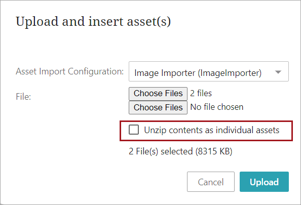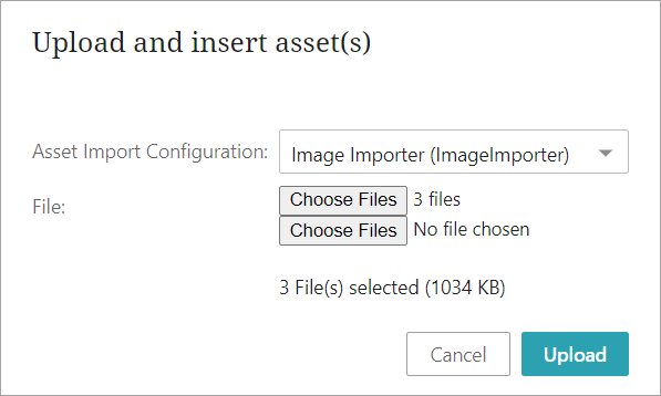 - In the 'Upload and insert assets(s)' dialog, select the desired importer configuration from the dropdown menu.
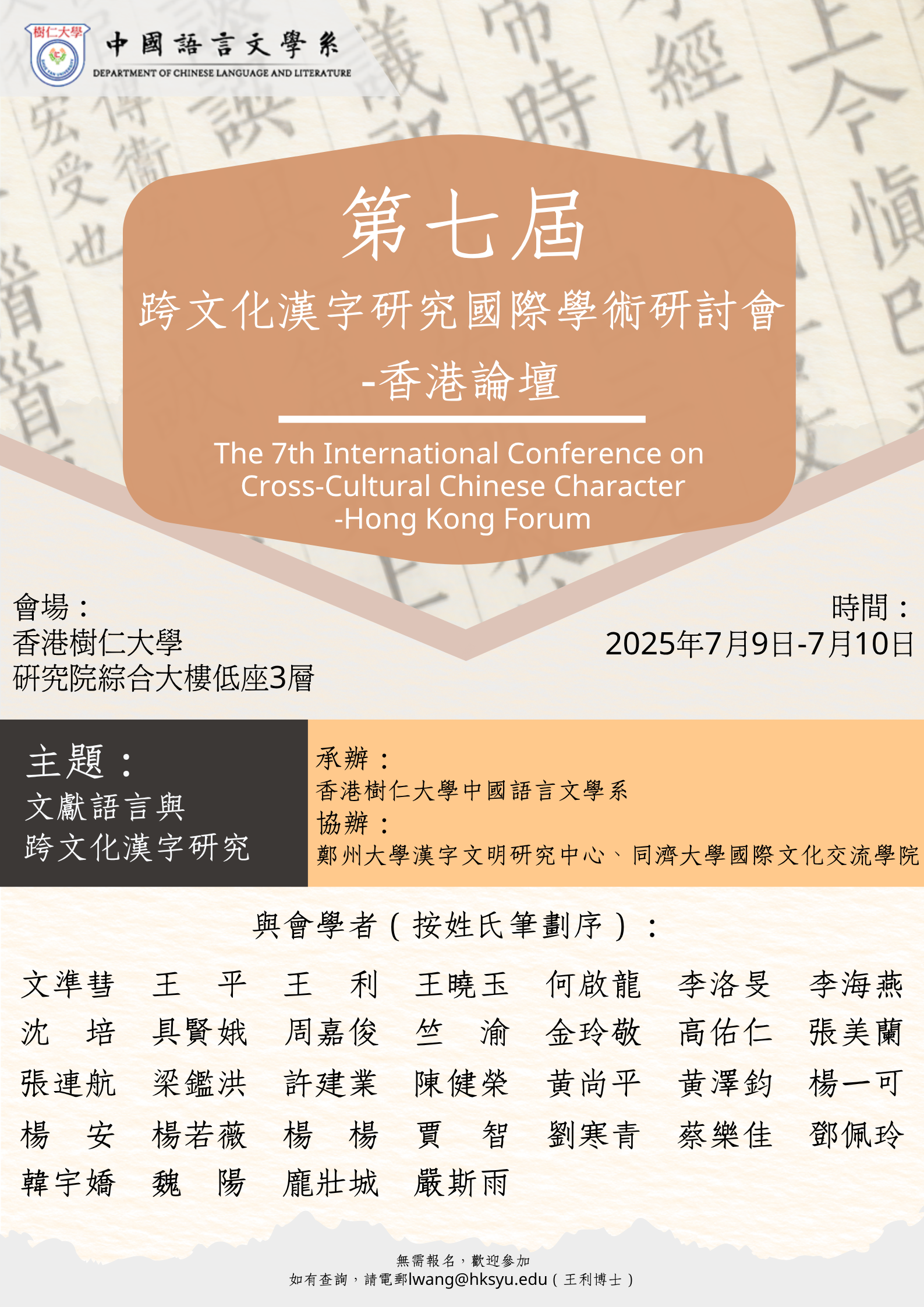 The 7th International Conference on Cross-Cultural Chinese Character - Hong Kong Forum
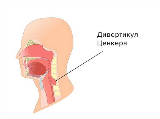 Дивертикул Ценкера - выпячивание слизистой оболочки в начальном отделе пищевода - глоточно-пищеводном переходе. Дивертикул возникает из-за слабости мышечной стенки пищевода. При проглатывании пищи в пищеводе возрастает давление и пищевой комок движется в сторону наименьшего сопротивления - в дивертикул, что приводит к растяжению слизистой и увеличению размеров дивертикула.
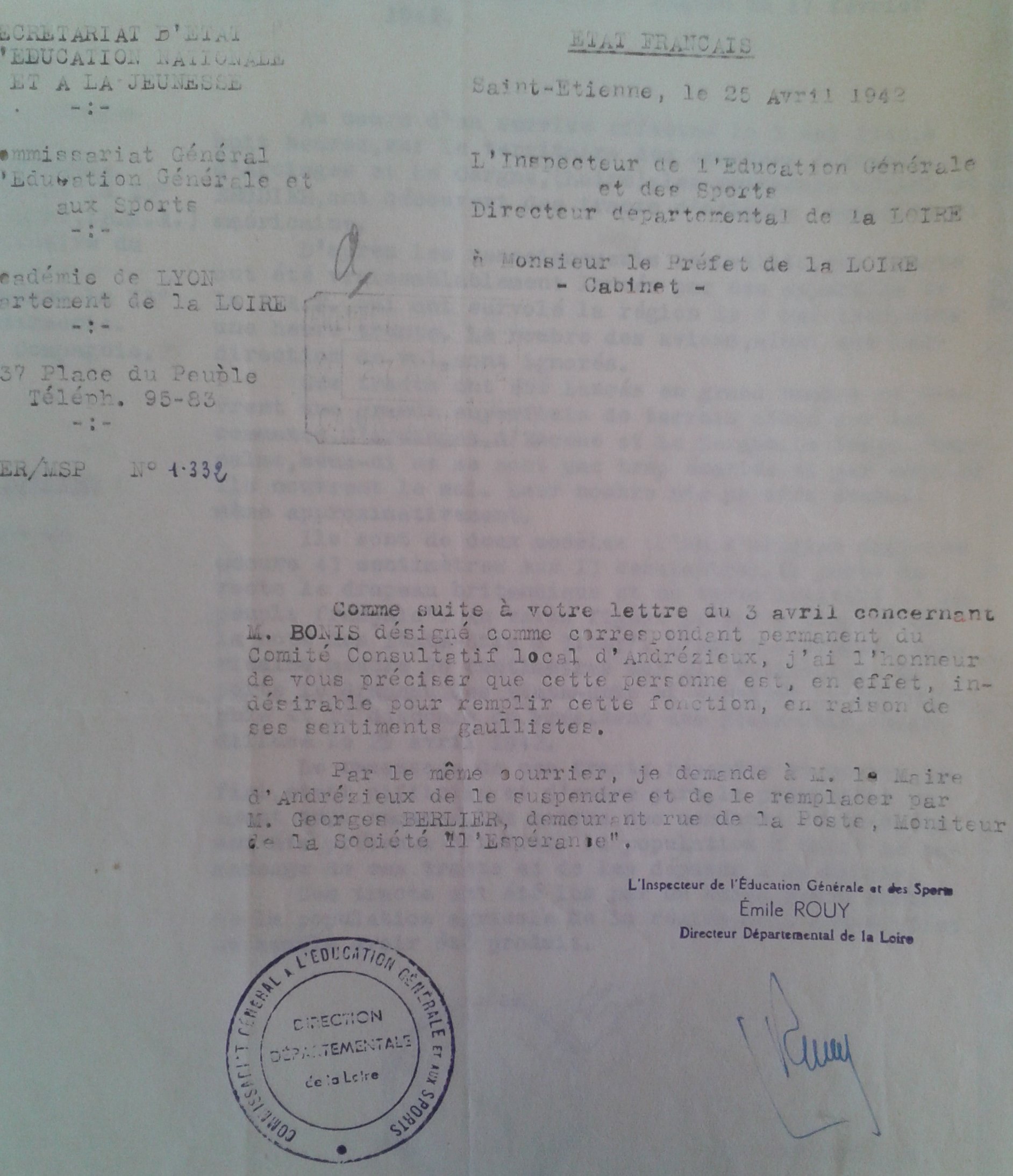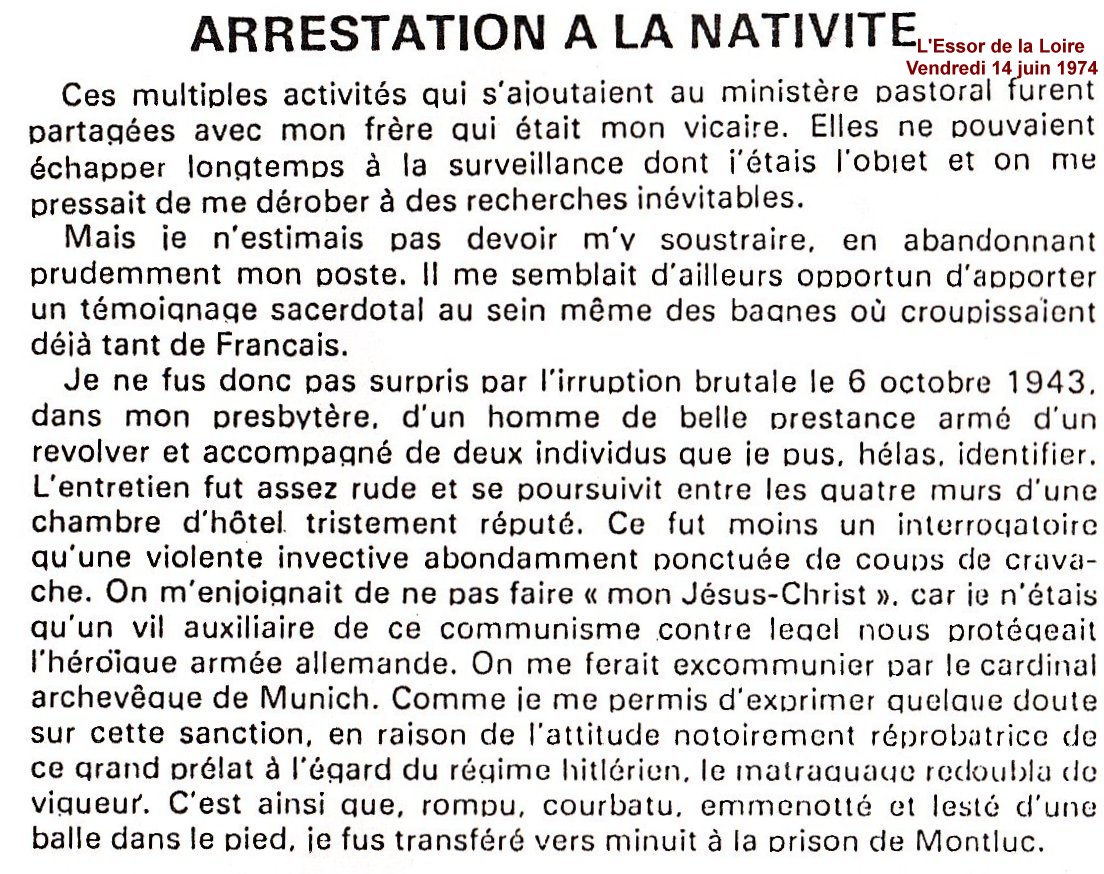 La presse stéphanoise par contre demeure silencieuse. Pareillement la municipalité pétainiste d'Amédée GUYOT ne bronche pas. Néanmoins Étienne BORNET, évêque auxiliaire de la ville, fait parvenir une lettre de protestation au chef de la police allemande de Lyon. Il y dénonce les conditions dans lesquelles son vicaire a été blessé, arrêté, roué de coups. Il souligne que la perquisition effectuée au presbytère fut une "véritable mise à sac d'une maison où tous les biens n'appartenaient pas à un seul occupant : pillage des tiroirs dont l'argent des pauvres a été enlevé (...) main basse sur le chocolat des enfants."
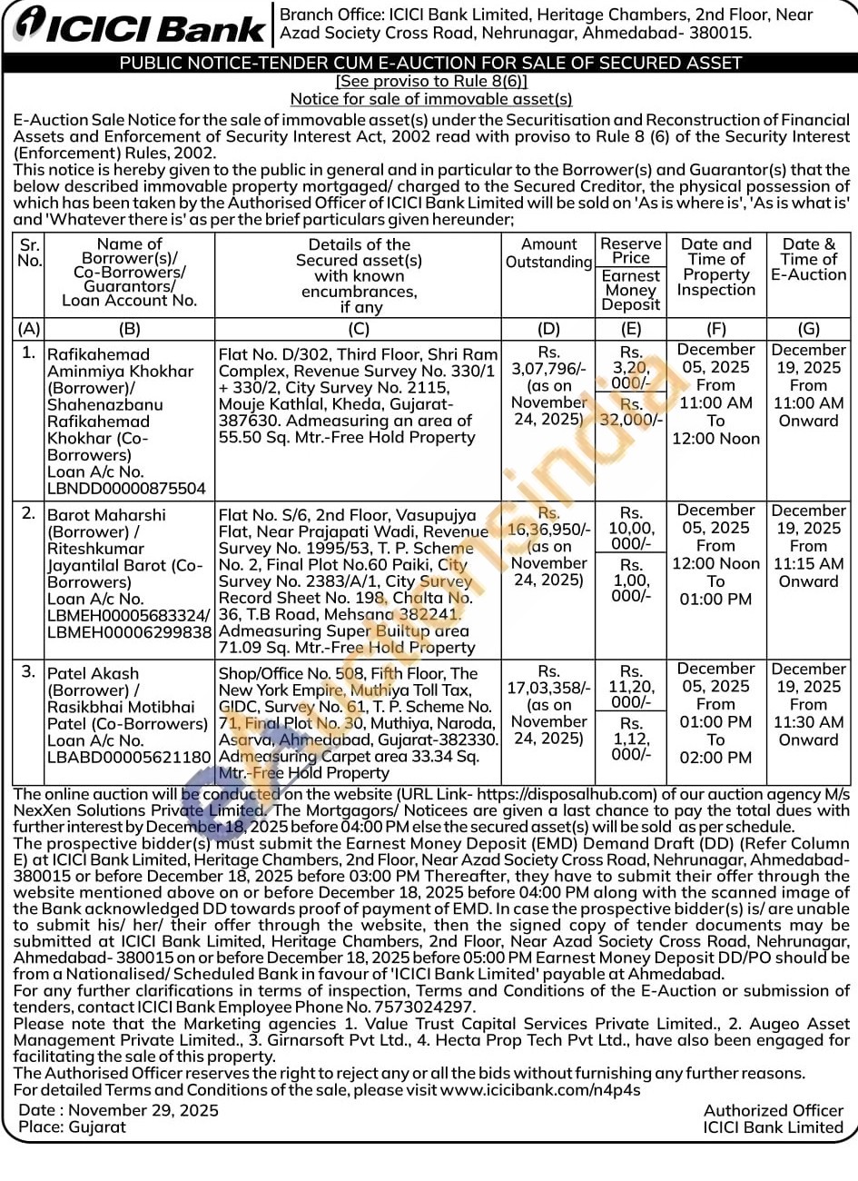 Flat No. S/6, 2nd Floor, Vasupujya Flat, Near Prajapati Wadi, Revenue Survey No. 1995/53, T. P. Scheme No. 2, Final Plot No.60 Paiki, City Admeasuring Super Builtup area Survey No. 2383/A/1, City Survey Record Sheet No. 198, Chalta No. , T.B Road, Mehsana 382241. 71.09 Sq. Mtr.-Free Hold Property
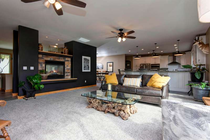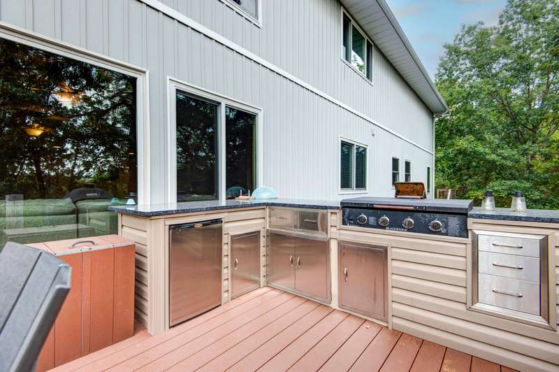 A Stunning Lakefront Retreat on the Shores of Table Rock Lake!Discover this exceptional 4-bedroom, 3.5 bathroom home boasting a spacious 3-car attached garage and is move in ready so you can start living the ''lake life''. Just a short golf cart ride away, an optional 10x28 boat slip ($70,000) is available nearby, perfect for water enthusiasts.Step inside to an inviting open floor plan flooded with natural light, showcasing spacious rooms throughout. The living room centers around a striking see-through fireplace, a wall of windows, and seamless access to the deck via patio doors. The gourmet kitchen is a chef's dream, featuring a generous island, a sprawling bar area built to entertain a crowd, sleek granite countertops, stainless steel appliances, cabinetry for all your culinary needs and a formal dining area tucked just to the left. The main floor master bedroom is stunning with a stone accent wall framing the king size bed and has access to the deck through the patio door. There's plenty of room in the master closet for both his and her wardrobe. The master bath features granite countertops and a rejuvenating zero-gravity walk-in shower.Downstairs, you'll find three additional bedrooms, two full baths, laundry room, a spacious family room, and a versatile game room/man cave, ideal for relaxation or entertainment. (Note: Sauna is not included.)There's even a dedicated John Deere room to store your lawnmower and lawn equipment.The lower-level lakeside deck is an entertainer's paradise, complete with an outdoor kitchen (included), cozy firepit, and expansive seating area perfect for enjoying beautiful evenings by the lake. Note: Hot Tub is not included.This incredible opportunity won't last longmake this lakefront dream home yours today!
******************************
_Aim of the exercise_: Only the pictures are to be left out; all other material is to be output exactly.

_Solution to this problem_:
 - In the 'Upload and insert assets(s)' dialog, select the desired importer configuration from the dropdown menu.
 The 7th International Conference on Cross-Cultural Chinese Character - Hong Kong Forum
 Дивертикул Ценкера - выпячивание слизистой оболочки в начальном отделе пищевода - глоточно-пищеводном переходе. Дивертикул возникает из-за слабости мышечной стенки пищевода. При проглатывании пищи в пищеводе возрастает давление и пищевой комок движется в сторону наименьшего сопротивления - в дивертикул, что приводит к растяжению слизистой и увеличению размеров дивертикула.
 La presse stéphanoise par contre demeure silencieuse. Pareillement la municipalité pétainiste d'Amédée GUYOT ne bronche pas. Néanmoins Étienne BORNET, évêque auxiliaire de la ville, fait parvenir une lettre de protestation au chef de la police allemande de Lyon. Il y dénonce les conditions dans lesquelles son vicaire a été blessé, arrêté, roué de coups. Il souligne que la perquisition effectuée au presbytère fut une "véritable mise à sac d'une maison où tous les biens n'appartenaient pas à un seul occupant : pillage des tiroirs dont l'argent des pauvres a été enlevé (...) main basse sur le chocolat des enfants."
 Flat No. S/6, 2nd Floor, Vasupujya Flat, Near Prajapati Wadi, Revenue Survey No. 1995/53, T. P. Scheme No. 2, Final Plot No.60 Paiki, City Admeasuring Super Builtup area Survey No. 2383/A/1, City Survey Record Sheet No. 198, Chalta No. , T.B Road, Mehsana 382241. 71.09 Sq. Mtr.-Free Hold Property
 A Stunning Lakefront Retreat on the Shores of Table Rock Lake!Discover this exceptional 4-bedroom, 3.5 bathroom home boasting a spacious 3-car attached garage and is move in ready so you can start living the ''lake life''. Just a short golf cart ride away, an optional 10x28 boat slip ($70,000) is available nearby, perfect for water enthusiasts.Step inside to an inviting open floor plan flooded with natural light, showcasing spacious rooms throughout. The living room centers around a striking see-through fireplace, a wall of windows, and seamless access to the deck via patio doors. The gourmet kitchen is a chef's dream, featuring a generous island, a sprawling bar area built to entertain a crowd, sleek granite countertops, stainless steel appliances, cabinetry for all your culinary needs and a formal dining area tucked just to the left. The main floor master bedroom is stunning with a stone accent wall framing the king size bed and has access to the deck through the patio door. There's plenty of room in the master closet for both his and her wardrobe. The master bath features granite countertops and a rejuvenating zero-gravity walk-in shower.Downstairs, you'll find three additional bedrooms, two full baths, laundry room, a spacious family room, and a versatile game room/man cave, ideal for relaxation or entertainment. (Note: Sauna is not included.)There's even a dedicated John Deere room to store your lawnmower and lawn equipment.The lower-level lakeside deck is an entertainer's paradise, complete with an outdoor kitchen (included), cozy firepit, and expansive seating area perfect for enjoying beautiful evenings by the lake. Note: Hot Tub is not included.This incredible opportunity won't last longmake this lakefront dream home yours today!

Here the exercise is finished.